(Given data):

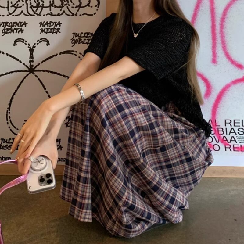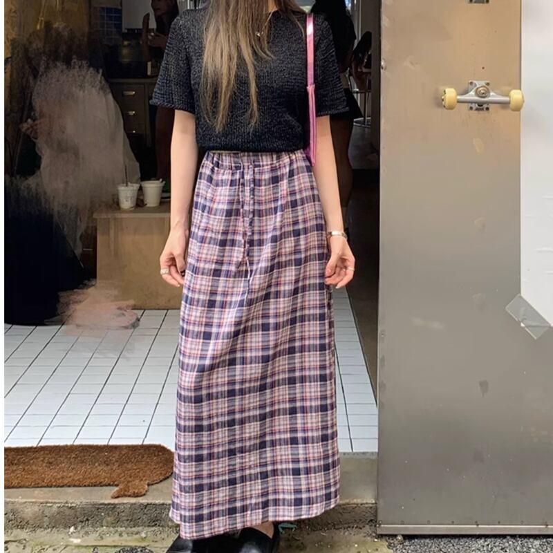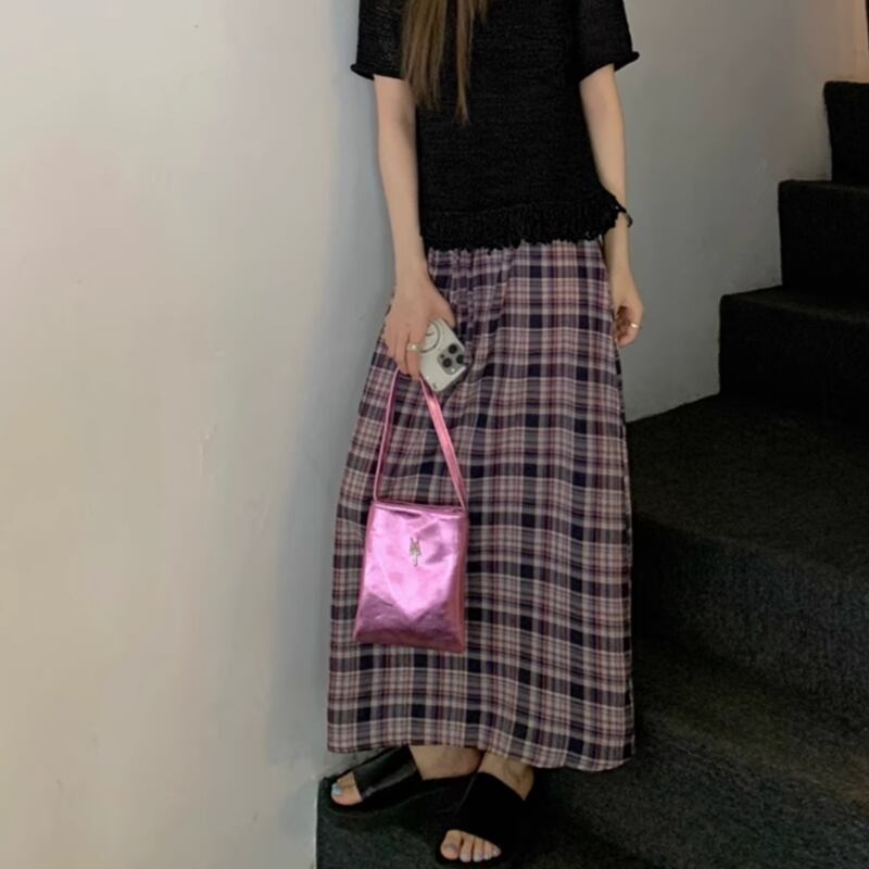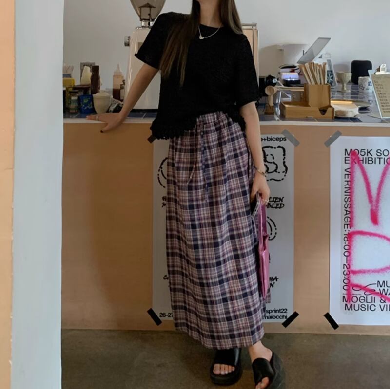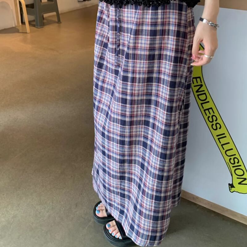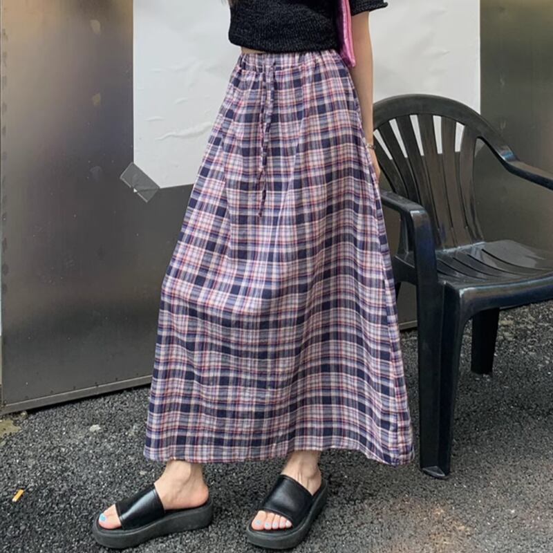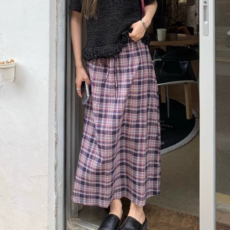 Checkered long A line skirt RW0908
* * *
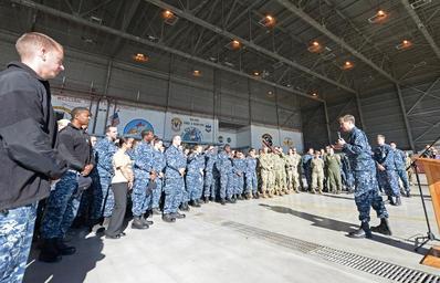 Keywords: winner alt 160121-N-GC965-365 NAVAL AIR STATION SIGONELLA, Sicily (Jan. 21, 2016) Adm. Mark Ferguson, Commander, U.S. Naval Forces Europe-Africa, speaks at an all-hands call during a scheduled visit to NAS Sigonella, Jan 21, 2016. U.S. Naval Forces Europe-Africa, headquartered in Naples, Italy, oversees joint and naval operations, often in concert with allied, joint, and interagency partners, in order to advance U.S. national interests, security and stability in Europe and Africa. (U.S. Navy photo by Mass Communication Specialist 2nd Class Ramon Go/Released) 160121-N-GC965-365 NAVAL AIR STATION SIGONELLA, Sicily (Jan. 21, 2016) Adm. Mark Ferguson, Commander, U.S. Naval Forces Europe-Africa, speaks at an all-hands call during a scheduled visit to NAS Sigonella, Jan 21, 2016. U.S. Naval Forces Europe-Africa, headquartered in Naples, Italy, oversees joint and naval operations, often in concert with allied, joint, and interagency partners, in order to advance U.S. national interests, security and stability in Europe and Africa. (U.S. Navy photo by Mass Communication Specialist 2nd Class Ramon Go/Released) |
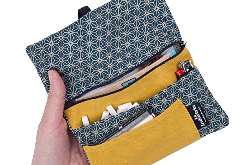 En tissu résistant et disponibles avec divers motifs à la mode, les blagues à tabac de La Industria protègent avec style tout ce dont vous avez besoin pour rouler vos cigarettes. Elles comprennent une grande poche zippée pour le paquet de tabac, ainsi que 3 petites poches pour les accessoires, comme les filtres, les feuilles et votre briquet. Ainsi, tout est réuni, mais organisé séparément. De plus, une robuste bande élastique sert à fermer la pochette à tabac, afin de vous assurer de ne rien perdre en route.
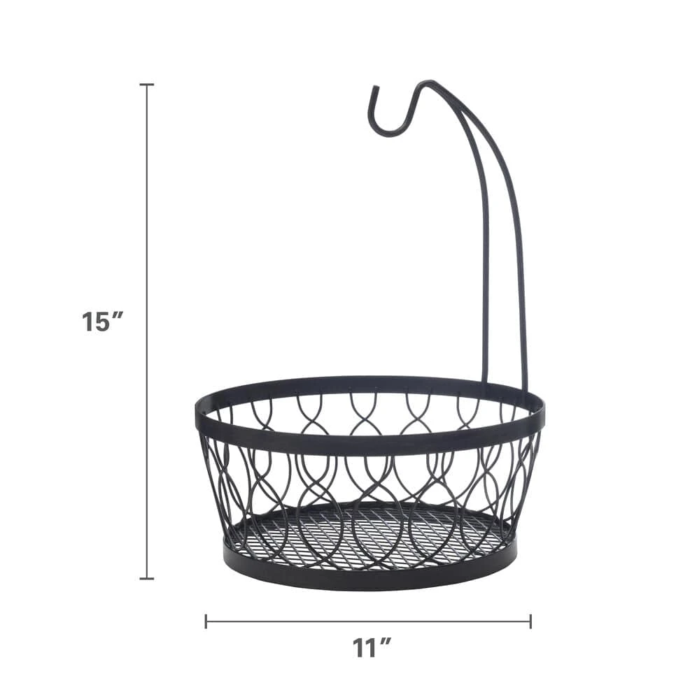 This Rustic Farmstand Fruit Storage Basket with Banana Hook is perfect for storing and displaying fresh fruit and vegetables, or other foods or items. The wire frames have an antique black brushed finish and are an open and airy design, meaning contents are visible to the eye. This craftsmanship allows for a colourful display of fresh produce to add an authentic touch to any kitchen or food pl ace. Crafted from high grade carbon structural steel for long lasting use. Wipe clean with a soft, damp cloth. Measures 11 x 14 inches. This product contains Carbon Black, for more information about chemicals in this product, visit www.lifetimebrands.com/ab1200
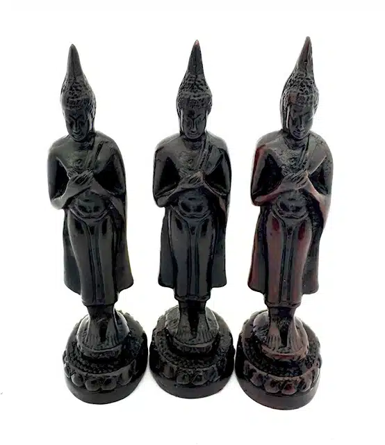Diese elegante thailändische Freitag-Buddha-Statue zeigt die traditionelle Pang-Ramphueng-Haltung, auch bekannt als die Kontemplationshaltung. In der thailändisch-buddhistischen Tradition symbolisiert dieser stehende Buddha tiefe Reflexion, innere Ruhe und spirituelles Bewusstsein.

(Goal of the exercise): Leaving every picture aside, reproduce exactly the lines above from the one with "This Rustic Farmstand" up to and including the one with "Diese elegante thailändische", and no others.

(Answer space):
 This Rustic Farmstand Fruit Storage Basket with Banana Hook is perfect for storing and displaying fresh fruit and vegetables, or other foods or items. The wire frames have an antique black brushed finish and are an open and airy design, meaning contents are visible to the eye. This craftsmanship allows for a colourful display of fresh produce to add an authentic touch to any kitchen or food pl ace. Crafted from high grade carbon structural steel for long lasting use. Wipe clean with a soft, damp cloth. Measures 11 x 14 inches. This product contains Carbon Black, for more information about chemicals in this product, visit www.lifetimebrands.com/ab1200
Diese elegante thailändische Freitag-Buddha-Statue zeigt die traditionelle Pang-Ramphueng-Haltung, auch bekannt als die Kontemplationshaltung. In der thailändisch-buddhistischen Tradition symbolisiert dieser stehende Buddha tiefe Reflexion, innere Ruhe und spirituelles Bewusstsein.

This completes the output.